(Entries taken from a collection)
----
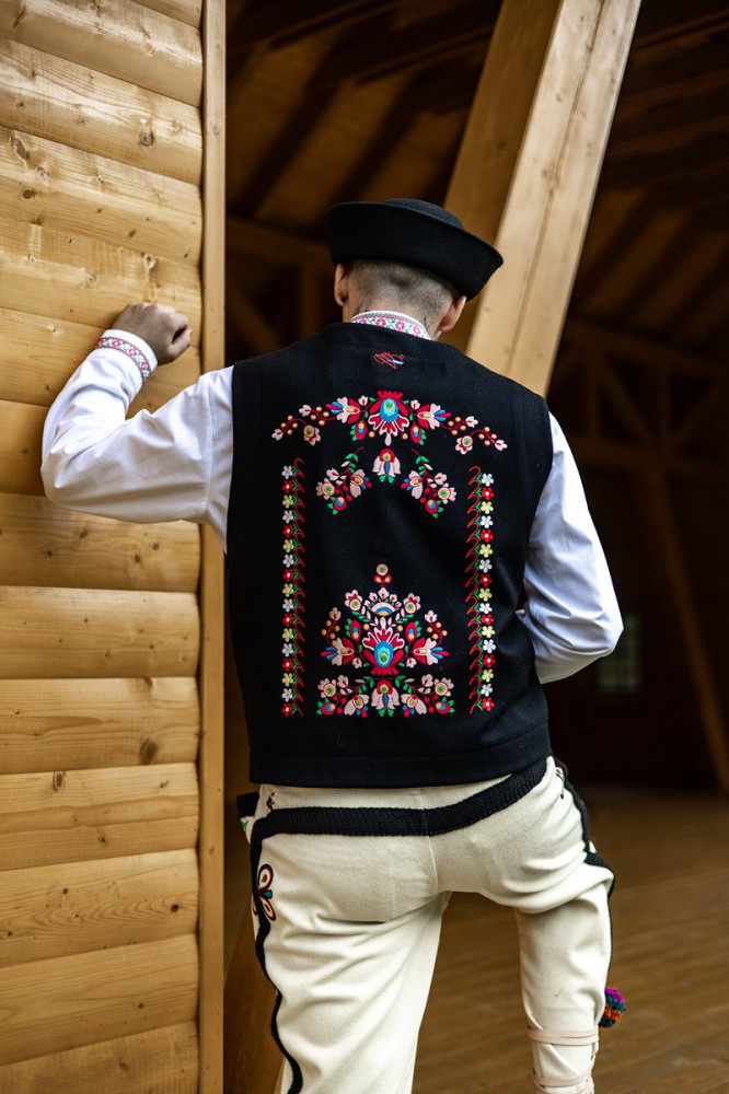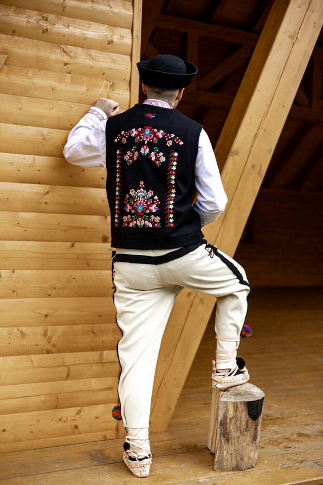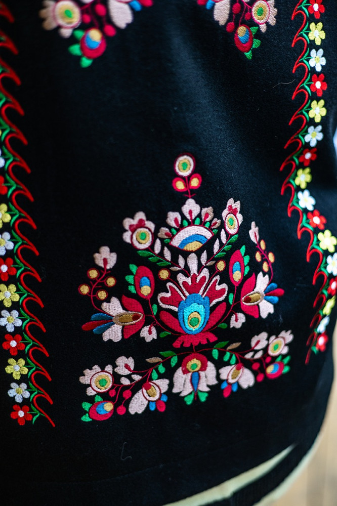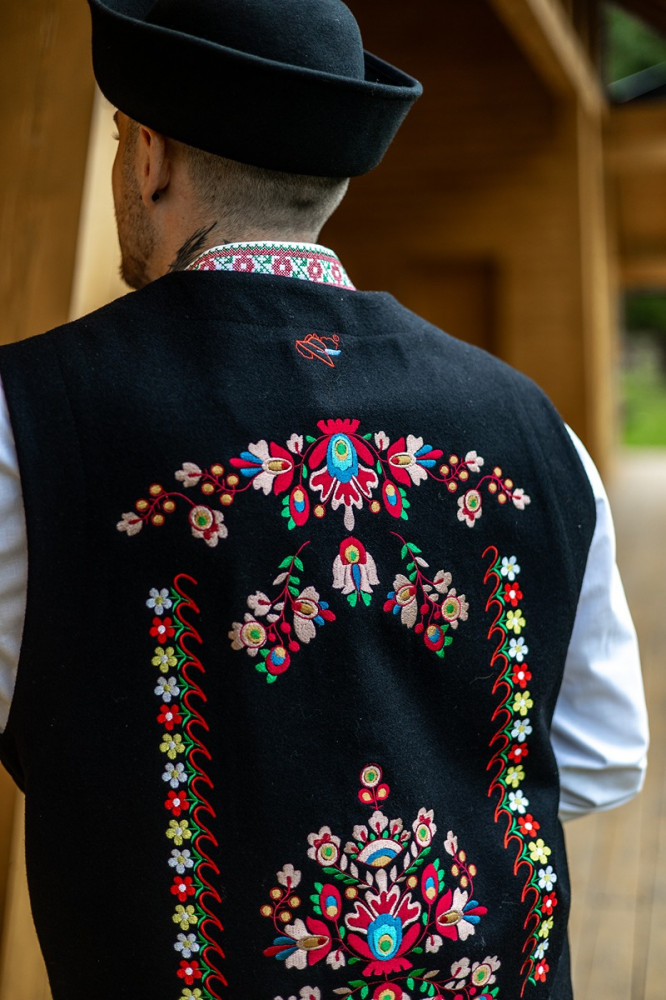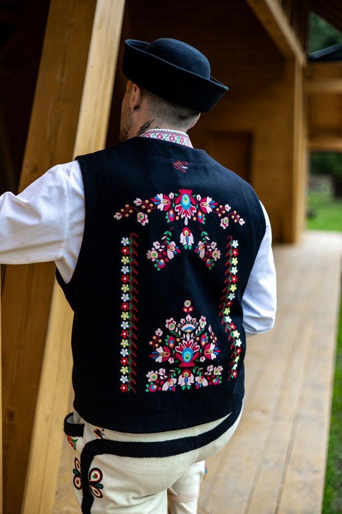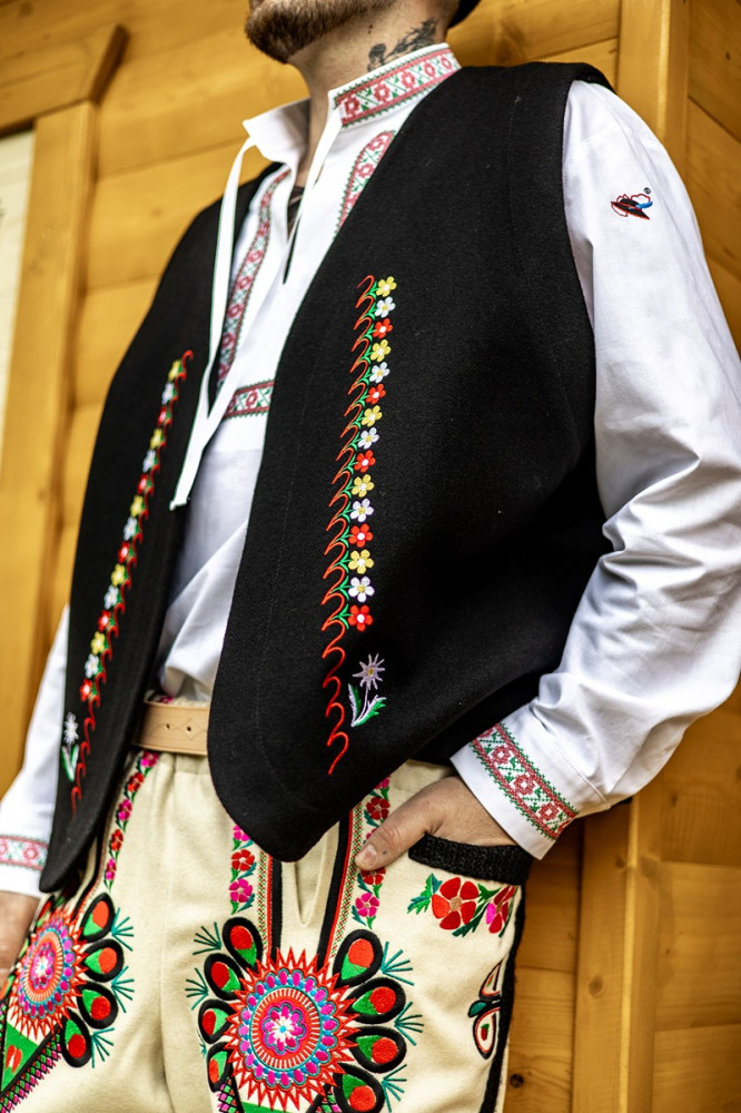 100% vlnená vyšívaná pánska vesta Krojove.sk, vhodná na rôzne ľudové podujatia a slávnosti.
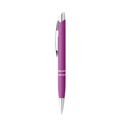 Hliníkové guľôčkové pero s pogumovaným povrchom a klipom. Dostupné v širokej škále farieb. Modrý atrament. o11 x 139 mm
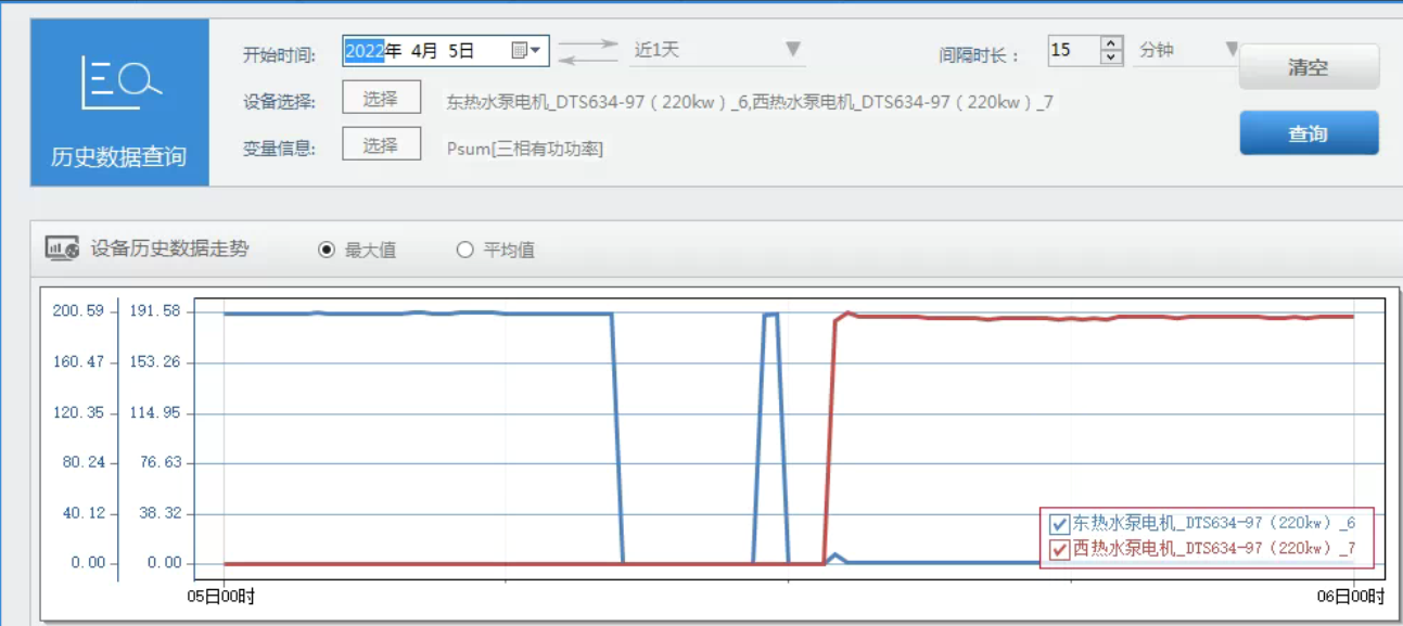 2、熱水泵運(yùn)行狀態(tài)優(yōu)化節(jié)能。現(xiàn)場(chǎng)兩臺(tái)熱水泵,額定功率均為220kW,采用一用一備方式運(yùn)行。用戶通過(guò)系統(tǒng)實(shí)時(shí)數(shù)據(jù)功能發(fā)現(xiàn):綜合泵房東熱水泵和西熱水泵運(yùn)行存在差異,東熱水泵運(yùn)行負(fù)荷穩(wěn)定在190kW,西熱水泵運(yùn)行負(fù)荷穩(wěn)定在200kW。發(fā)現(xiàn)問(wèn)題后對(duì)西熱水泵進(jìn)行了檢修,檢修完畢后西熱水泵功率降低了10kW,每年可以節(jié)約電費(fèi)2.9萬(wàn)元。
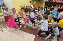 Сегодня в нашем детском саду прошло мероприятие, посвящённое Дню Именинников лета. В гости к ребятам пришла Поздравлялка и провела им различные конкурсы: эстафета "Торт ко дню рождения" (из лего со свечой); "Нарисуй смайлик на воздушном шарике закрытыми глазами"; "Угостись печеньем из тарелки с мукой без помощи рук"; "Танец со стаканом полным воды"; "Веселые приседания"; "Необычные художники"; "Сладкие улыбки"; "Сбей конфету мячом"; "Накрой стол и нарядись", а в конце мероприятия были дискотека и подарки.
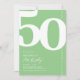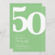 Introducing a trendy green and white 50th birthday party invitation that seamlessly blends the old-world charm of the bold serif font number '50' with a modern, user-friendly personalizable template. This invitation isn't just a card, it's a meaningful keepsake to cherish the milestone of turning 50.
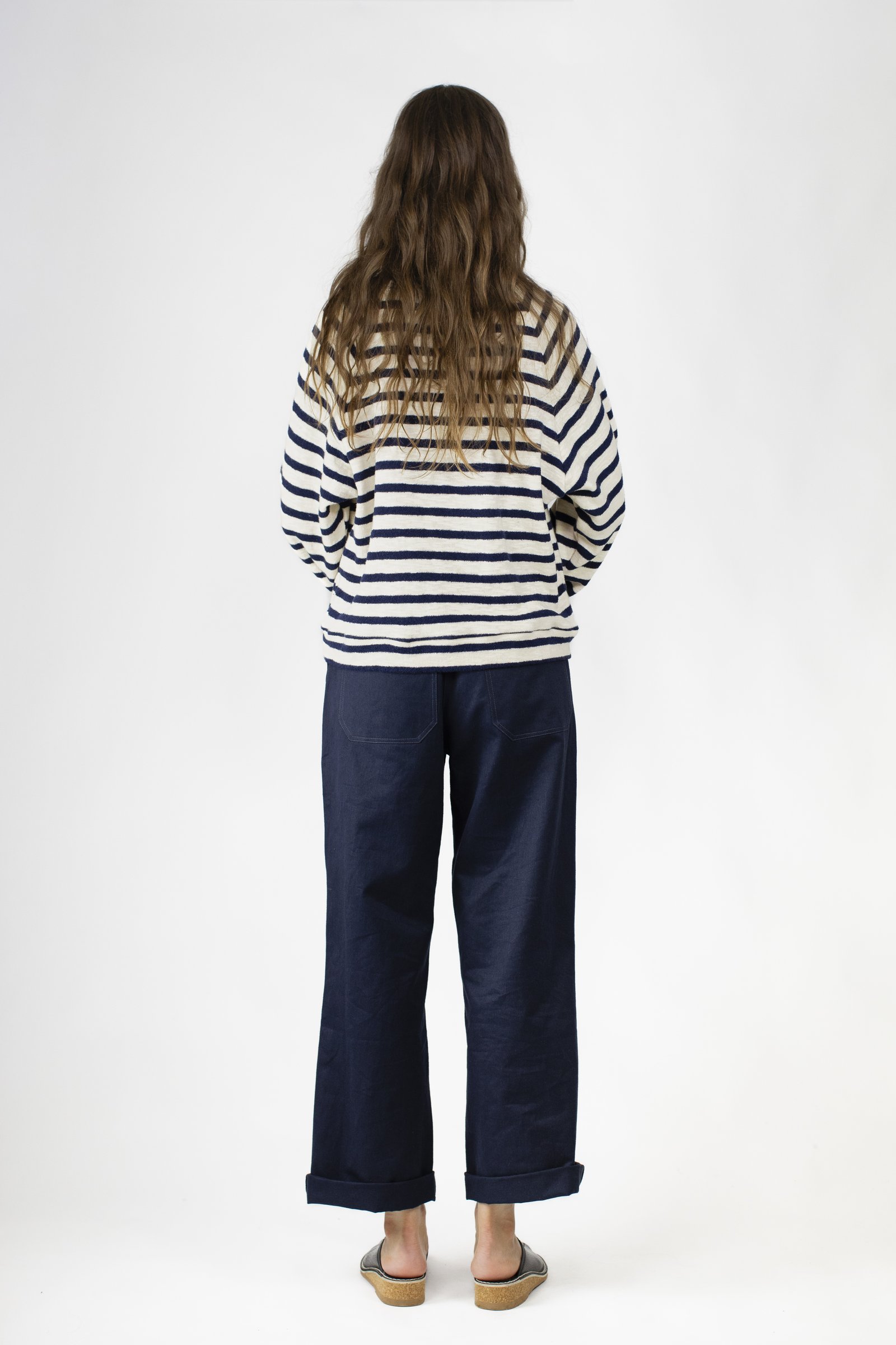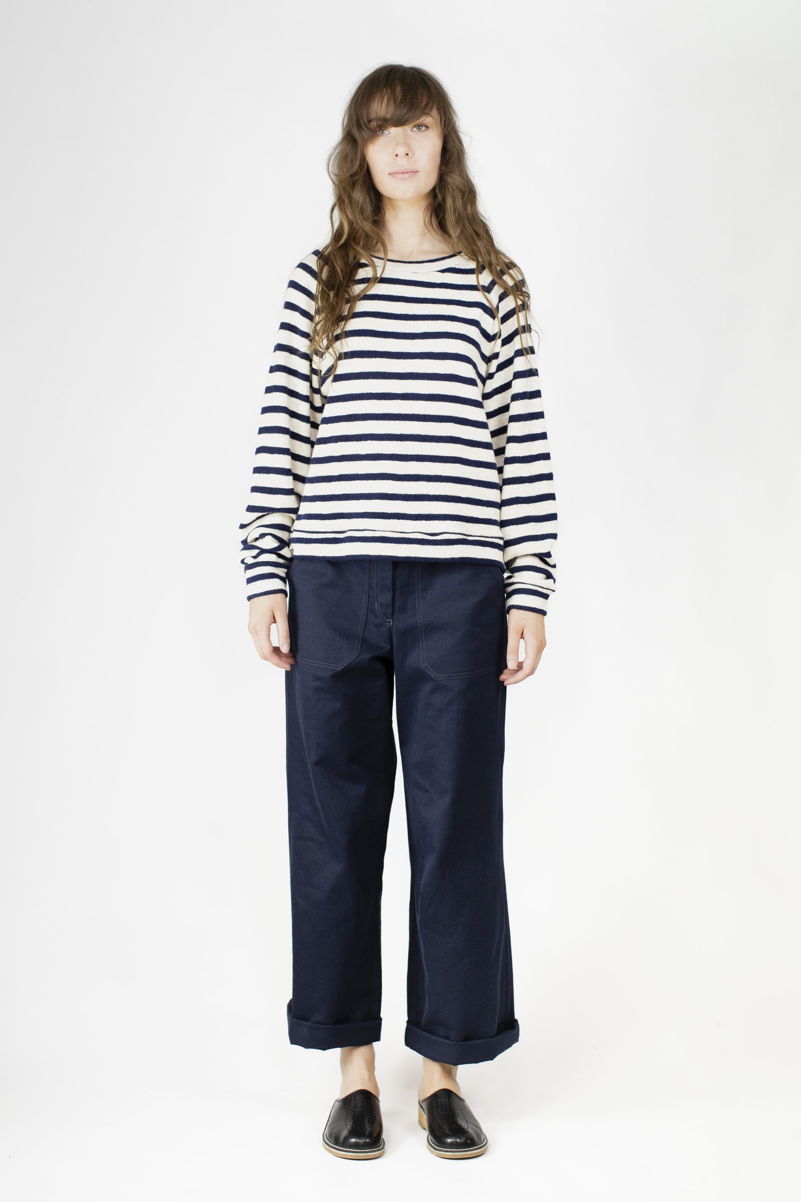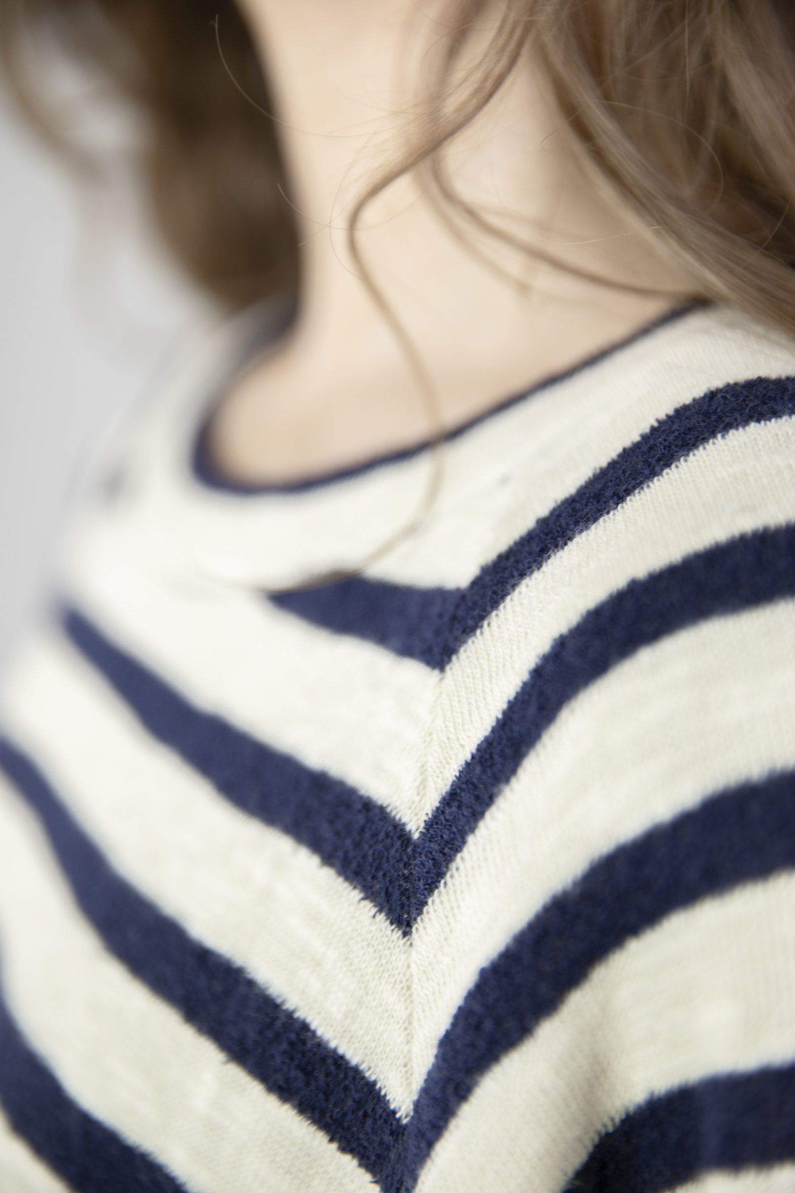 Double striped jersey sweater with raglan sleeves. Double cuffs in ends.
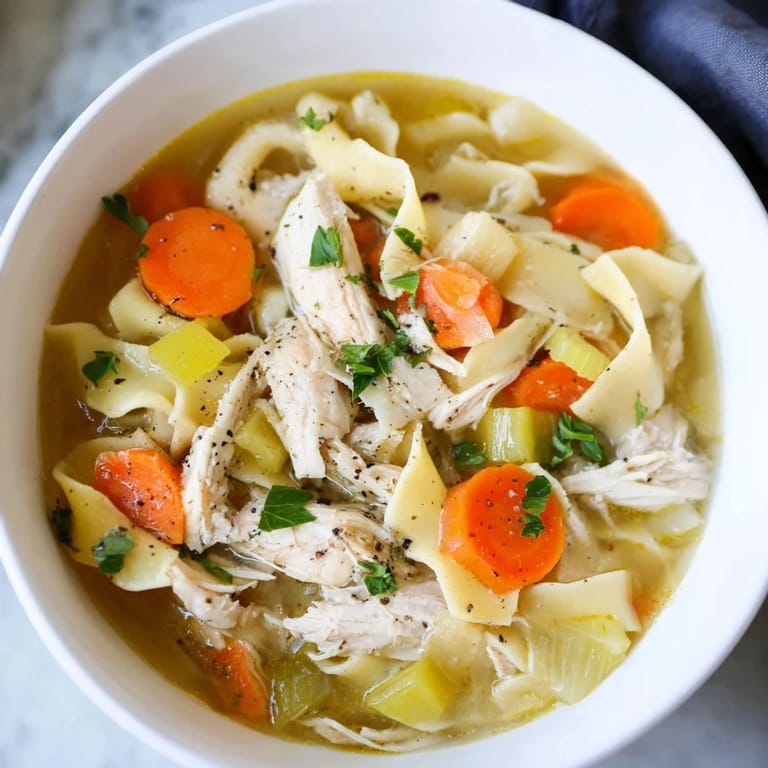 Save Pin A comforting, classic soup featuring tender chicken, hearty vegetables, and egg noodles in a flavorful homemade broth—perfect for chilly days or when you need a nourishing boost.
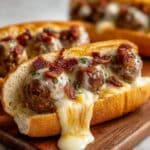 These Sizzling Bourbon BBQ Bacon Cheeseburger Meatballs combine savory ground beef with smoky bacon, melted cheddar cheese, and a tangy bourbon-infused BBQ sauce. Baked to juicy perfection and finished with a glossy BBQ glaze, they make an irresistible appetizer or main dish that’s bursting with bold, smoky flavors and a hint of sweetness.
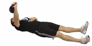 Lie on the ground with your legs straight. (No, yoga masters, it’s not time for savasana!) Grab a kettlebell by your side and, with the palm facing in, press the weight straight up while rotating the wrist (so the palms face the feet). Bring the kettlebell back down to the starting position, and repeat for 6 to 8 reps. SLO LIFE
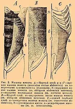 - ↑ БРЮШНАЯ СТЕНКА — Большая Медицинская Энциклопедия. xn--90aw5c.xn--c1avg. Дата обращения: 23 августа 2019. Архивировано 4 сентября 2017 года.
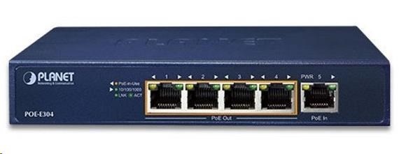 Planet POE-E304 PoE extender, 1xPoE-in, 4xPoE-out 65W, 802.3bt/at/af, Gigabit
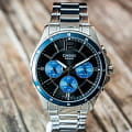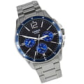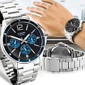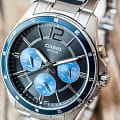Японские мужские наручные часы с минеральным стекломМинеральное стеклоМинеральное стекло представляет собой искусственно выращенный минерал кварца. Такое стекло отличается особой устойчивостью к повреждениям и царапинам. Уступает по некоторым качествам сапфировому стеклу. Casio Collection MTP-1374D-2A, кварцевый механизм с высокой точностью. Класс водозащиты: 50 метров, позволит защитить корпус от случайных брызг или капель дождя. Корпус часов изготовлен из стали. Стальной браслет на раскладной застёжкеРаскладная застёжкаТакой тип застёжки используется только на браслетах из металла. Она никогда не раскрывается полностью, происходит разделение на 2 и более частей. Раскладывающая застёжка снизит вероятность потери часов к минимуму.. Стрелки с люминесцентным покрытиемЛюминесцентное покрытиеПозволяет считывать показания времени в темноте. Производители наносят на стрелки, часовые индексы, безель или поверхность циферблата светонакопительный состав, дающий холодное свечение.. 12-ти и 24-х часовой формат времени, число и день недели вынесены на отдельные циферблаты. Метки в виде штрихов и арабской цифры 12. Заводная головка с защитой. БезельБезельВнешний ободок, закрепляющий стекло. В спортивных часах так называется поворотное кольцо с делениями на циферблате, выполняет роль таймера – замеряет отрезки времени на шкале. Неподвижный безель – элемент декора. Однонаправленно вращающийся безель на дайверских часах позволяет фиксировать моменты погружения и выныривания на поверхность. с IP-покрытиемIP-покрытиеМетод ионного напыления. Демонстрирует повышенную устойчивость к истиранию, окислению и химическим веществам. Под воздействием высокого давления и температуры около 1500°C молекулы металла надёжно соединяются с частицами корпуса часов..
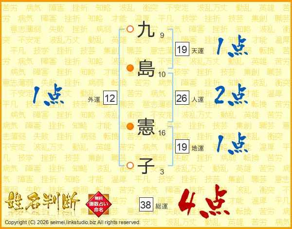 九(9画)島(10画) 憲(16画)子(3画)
----
_REQUIRED ACTION_
Your answer must be the exact lines from the start of the data through the line with "Hliníkové guľôčkové pero", inclusive, and nothing else; pictures do not belong in it.

_TASK OUTPUT_
 100% vlnená vyšívaná pánska vesta Krojove.sk, vhodná na rôzne ľudové podujatia a slávnosti.
 Hliníkové guľôčkové pero s pogumovaným povrchom a klipom. Dostupné v širokej škále farieb. Modrý atrament. o11 x 139 mm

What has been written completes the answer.